Unavailable metrics stay unavailable. v0.8 does not estimate:

- token savings
- success-rate improvement
- model capability improvement
- raw-agent versus Orange-assisted outcome deltas

The stable eval surface must not claim improvements such as "90% success-rate
increase" or "tokens saved" without collected evidence.

Current unavailable metric policy:

- `token.savings`: unavailable because token counts are not collected.
- `success_rate.improvement`: unavailable because there is no comparison group
  or comparative task-pack outcome dataset.
- unavailable metrics use `value: null`, `status: "insufficient-data"`, and an
  explicit `limitation`.

## Local-Only Boundary

Eval commands must not:

- upload telemetry
- call network APIs
- call an LLM judge
- estimate token savings
- auto-create Quest, Proposal, Graph, or Identity artifacts
- run MCP tools or install MCP servers
- run hook events automatically
- run subagents
- start an auto planner or auto execution loop
- repair doctor findings
- mutate project memory or config

The only eval write path is `orange eval report --write-report`, and that path
is limited to `.orange-hyper/evals/reports/`.

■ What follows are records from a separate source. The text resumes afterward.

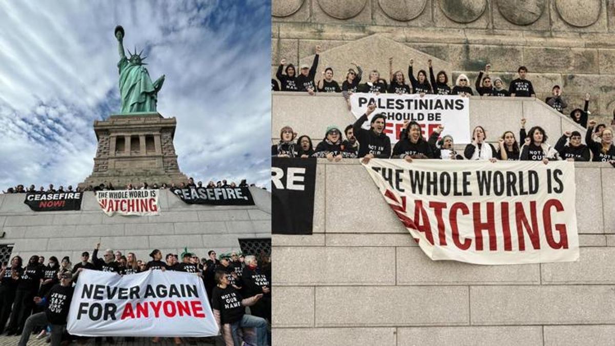 Barış için Musevilerin Sesi (JVP) isimli kümenin davetiyle toplanan yaklaşık 500 kişi, Özgürlük Heykeli önünde pankart açıp oturma hareketi yaptı. Gazze’de ateşkes yapılmasını isteyen aksiyoncular, “Bütün dünya izliyor”, “Filistinliler Özgür Olmalı” ve “Bir Daha Hiç Kimse İçin Asla” yazılı pankartlar açtı.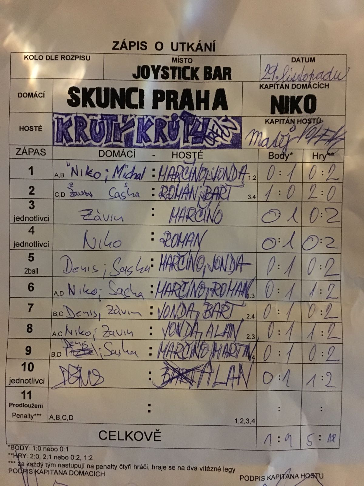 | Celkem zápasů | 29 |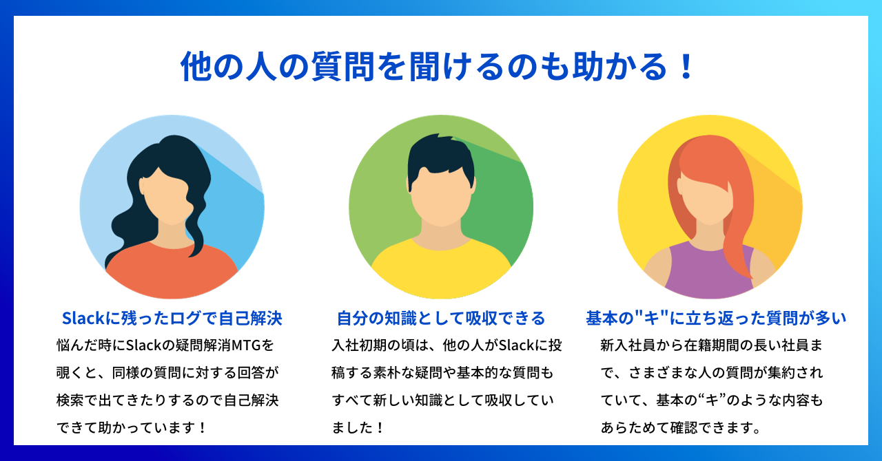 その想いの通り、疑問解消MTGでは「何でも聞いてOK」。入社時のオンボーディングでは賄いきれない「素朴な疑問」を、しっかり拾うという役割を果たしています。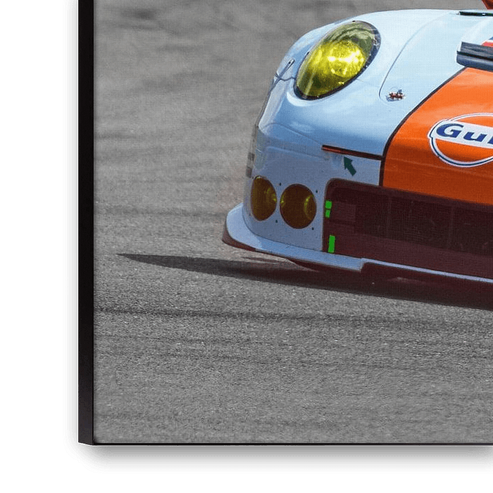 Porsche 911 RSR GTE Rennwagen von Gulf Racing bei der Einfahrt in die La Source Hairpin während des Sechs-Stunden-Rennens in Spa-Francorchamps 2016.

`--write-report` does not accept a path, filename, or value. Report filenames
use a deterministic `eval-report-` prefix plus the report timestamp. The report
is a local generated artifact, not project memory.

## Identity Integration

`identity build` does not automatically include eval summaries in v0.8.0. Eval
reports remain available only through explicit `orange eval report` commands.
A user-approved identity summary integration may be considered as a future
target, but it is not part of this stable release.